Union Budget expected to woo foreign investors

P Chidambaram

India's fiscal deficit target now stands at a revised 5.3 percent of GDP this fiscal year. Chidambaram has said he wants to get that down to 4.8 percent in 2013/14.

Economists in the poll were split on the chances of overall government borrowing in 2013/14 being reduced from 5.7 trillion Indian rupees ($105 billion) in 2012/13.

BRINGING BACK FOREIGN INVESTMENT

Once considered a rising star in Asia, the Indian economy has lost its shine in recent years. Preliminary estimates released earlier this month showed growth dwindled to an annual 5 per cent rate in the current fiscal year to March. If confirmed, that would be the slowest growth rate that Asia's third largest economy has clocked in a decade.

The poor performance is reflected in the rupee's depreciation, as the current account deficit has widened due to weak exports and slack inflows of foreign direct investment.

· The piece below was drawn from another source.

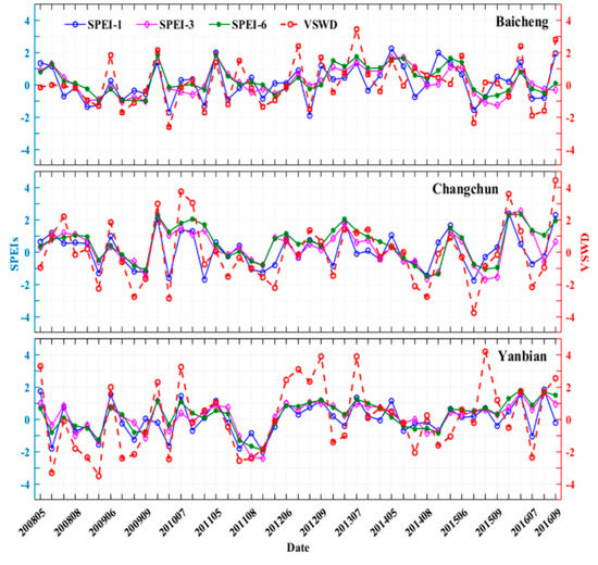 Time series of vegetation-soil water deficit (VSWD) and Standardized Precipitation Evapotranspiration Index (SPEIs) during growing seasons from 2008 to 2016 in Baicheng, Changchun and Yanbian.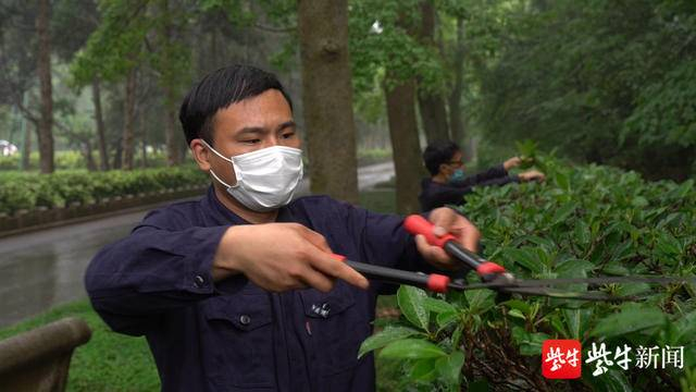 4月30日晚八点,当熙熙攘攘的景区归于平静,中山陵所负责绿化养护的孙健和宫沛南还在中山陵墓道一带巡查,做最后的收尾。“牌坊左侧的冬青球冒新叶了,要赶紧修剪。明天就是五一了,要让游客看到最美的风景。”孙健敏锐地发现原先漂亮球形有些变化,立刻进行调整。

The Indian currency has lost 18 per cent against the dollar since the start of 2011, though the decline was limited to 3.5 per cent in 2012. The rupee has gained 1.2 per cent since the start of this year.

The currency's weakness reflects India's widening current account deficit due to weak exports and slack inflows of foreign direct investment.

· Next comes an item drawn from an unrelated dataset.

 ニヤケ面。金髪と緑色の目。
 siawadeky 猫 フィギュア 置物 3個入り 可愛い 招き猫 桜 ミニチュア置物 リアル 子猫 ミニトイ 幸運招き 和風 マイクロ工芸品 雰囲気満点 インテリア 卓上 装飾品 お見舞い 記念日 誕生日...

A weak global economy, particularly among major trading partners like the euro zone, is partly to blame for India's poor performance lately.

But the government's hesitancy implementing reforms to attract foreign capital, and a ballooning current account deficit that has left India vulnerable to a potential downgrade in its sovereign debt to junk bond status.

To arrest the slide in investment, the government announced major reforms late last year that included, among others, permission for global retailers to set up shop in India and allowing foreign investment in aviation and broadcasting.

"By and large we expect investor confidence to grow rather than ebb given that...the Ministy of Finance has got its sights set on rather achievable goals and have put a lot of clarity on the direction they want policy to take," added Mizuho Corporate Bank's Varathan.